文書でたどるチャンドラーの転落、写真13点
フォトギャラリーはこちら(PHOTOGRAPH BY MARK THIESSEN)

“宣伝の天才”ゲッベルスを上回った賛辞

 放送開始から1カ月後、チャンドラーはラジオで自分の本名を明かし、さらにナショナル ジオグラフィックの名前を10回近く出した。そのとたんに、ラジオを聴いた読者からワシントンD.C.のナショジオ本部に問い合わせが殺到した。ナショジオ誌の副編集長だったジョン・オリバー・ラゴースは、その手紙の多くへ個人的に返事を書いた。

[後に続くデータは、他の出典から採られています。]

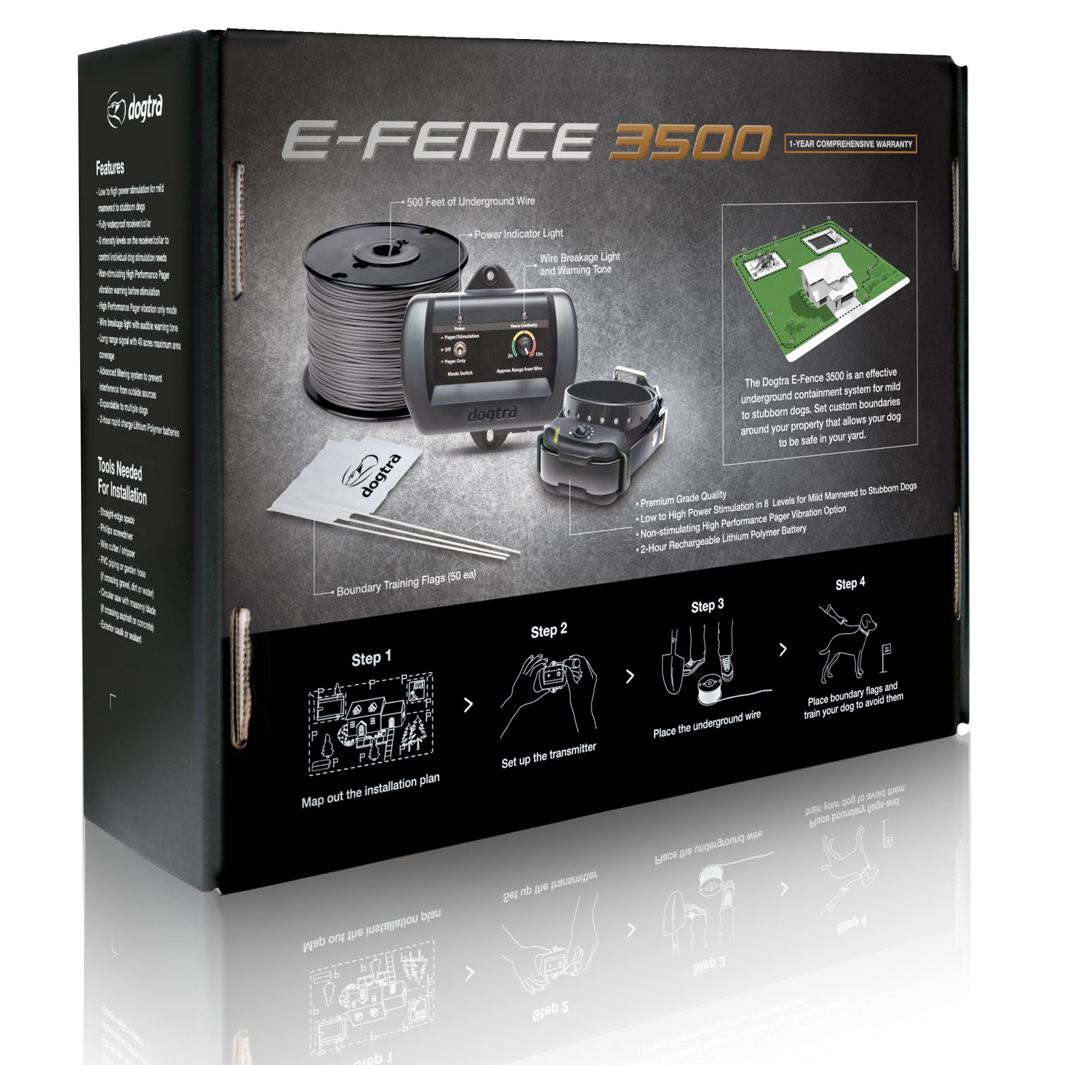 The Dogtra E-Fence 3500 is an effective underground containment system with rechargeable a collar for mild to stubborn dogs. Set custom boundaries around your property that allows your dog to be safe in your yard!

 また、「米国最悪の反逆者(America’s No. 1 Traitor)」と題されたある社説の中で、チャンドラーの元友人のアルバート・A・ブラントは「ナチスの正当性、栄光、無敵さへダグラス・チャンドラーが送った賛辞は、ゲッベルスをも上回った」と書いている。

 米国で大変な騒ぎとなっていた頃、チャンドラーはベルリンでの不遇に惨めな思いを抱いていた。ノイローゼと不眠症に悩まされ、表向きはそんなそぶりは見せなかったものの、裏では酒を浴びるように飲んでいた。ラジオ収録のたびに体調が悪くなったと、本人は後に書いている。

「1時間も経たないうちに緊張のあまりみぞおちの辺りが激しく痛み出し、毎日のようにひどい下痢に襲われた」

 上司に対しても延々と不平を並べたてた。宣伝省が自分のためにアパートを探す手伝いもせず、まともな仕事部屋も与えられなかったことも不満だった。番組の音楽、他のアナウンサーたち、何を言うべきか指図されること等々、彼にはとにかく全てが気に入らなかった。やがて上層部は彼を停職処分とし、法的措置をも辞さないと脅しをかけてきた。